# Thin wall SDR pipe and black fittings????



## Dan_T (Dec 19, 2012)

I am getting ready to install a dust collection system in my basement. I have a HF 2HP collector and have recently acquired a bunch of assorted fittings, flex hose, and blast gates. All the fittings and hose are the 4" black ones that Rockler carries. I have a run of about 30' with 5 tools and a sweep pipe. I plan on using the thin wall PVC sewer/drain pipe. My questions are:
1. Will the black fittings I have fit into the SDR pipe? Or will I have to use those black rubber connector boots? I think those boot are about $8.00 each.
2. My Lowes store carries both the green SDR pipe and the white SDR pipe. The white is about $4.00 less then the green. Will either work or is one better then the other?
Any help would be appreciated I have never installed or used a dust collecting system before.


----------



## Fred Hargis (Apr 28, 2012)

Go with the pipe that's the cheapest, it's plenty strong for DC systems. The only thing may be if one is more smooth on the inner surface. Smoothness is good. I'm thinking the Rockler stuff is the typical DC assortment, and if true...nothing will fit. Your friend will be duct tape, maybe wooden donuts, small pieces of PVC, slitted ends with band clamps, and on and on. One thing I did to make the black DC fitting fit the S&D was cut a 1.5" long piece of straight PVC...then cut about 1" from the side. Squeeze this c piece down until it forms a circle and put it between the fitting and the pipe (hope that made sense). Use sheet metal screws to hold pieces together (short ones, so they don't project too far into the pipe) and silicon to seal the joints.
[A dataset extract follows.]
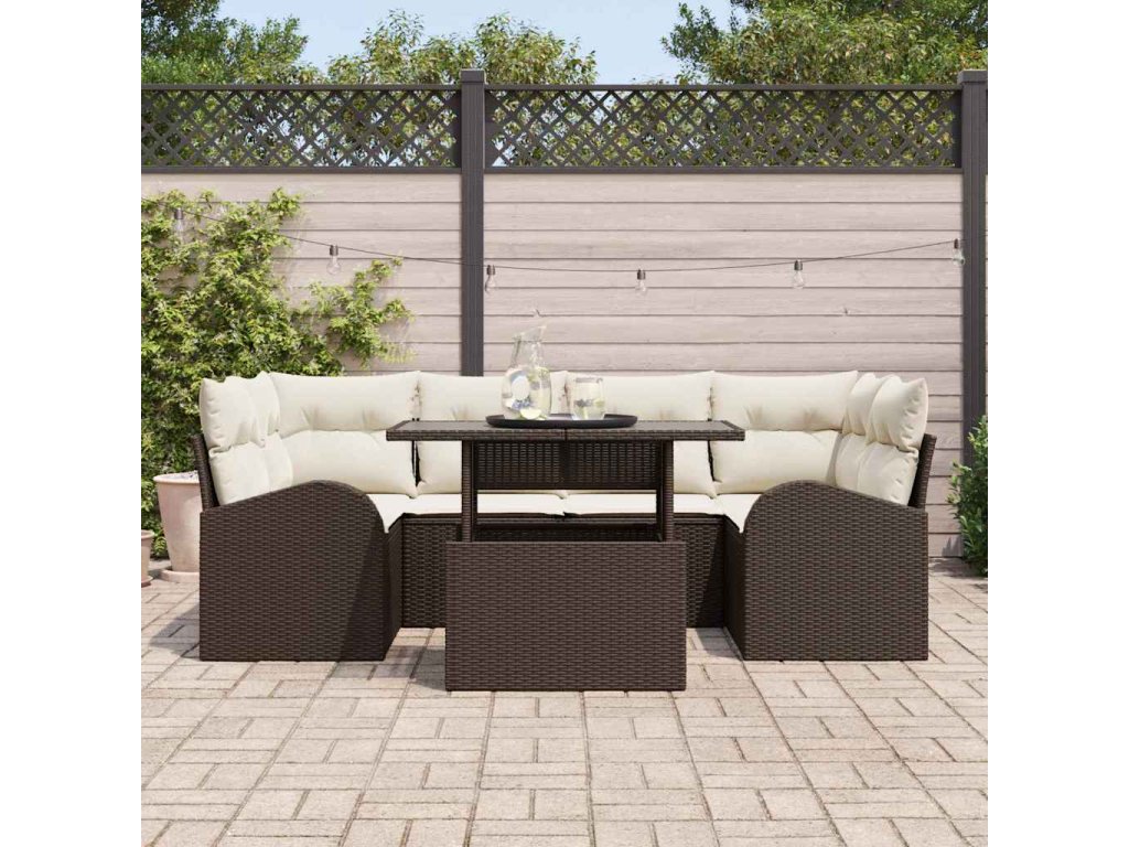 Súprava záhradných pohoviek s vankúšom 7 pcs Hnedá Poly ratan 3348574

But those rubber boots can be costly and frankly don't work any better than any of the home made/cobbled together approach (IMHO).


----------



## Marv (Nov 30, 2008)

A little heat from a heat gun allowed me to fit the standard 4" fittings into the 4" S/D pipe from Lowes/Home Depot...










The blast gates have tapered ends so I was able to get those in without any heat..


----------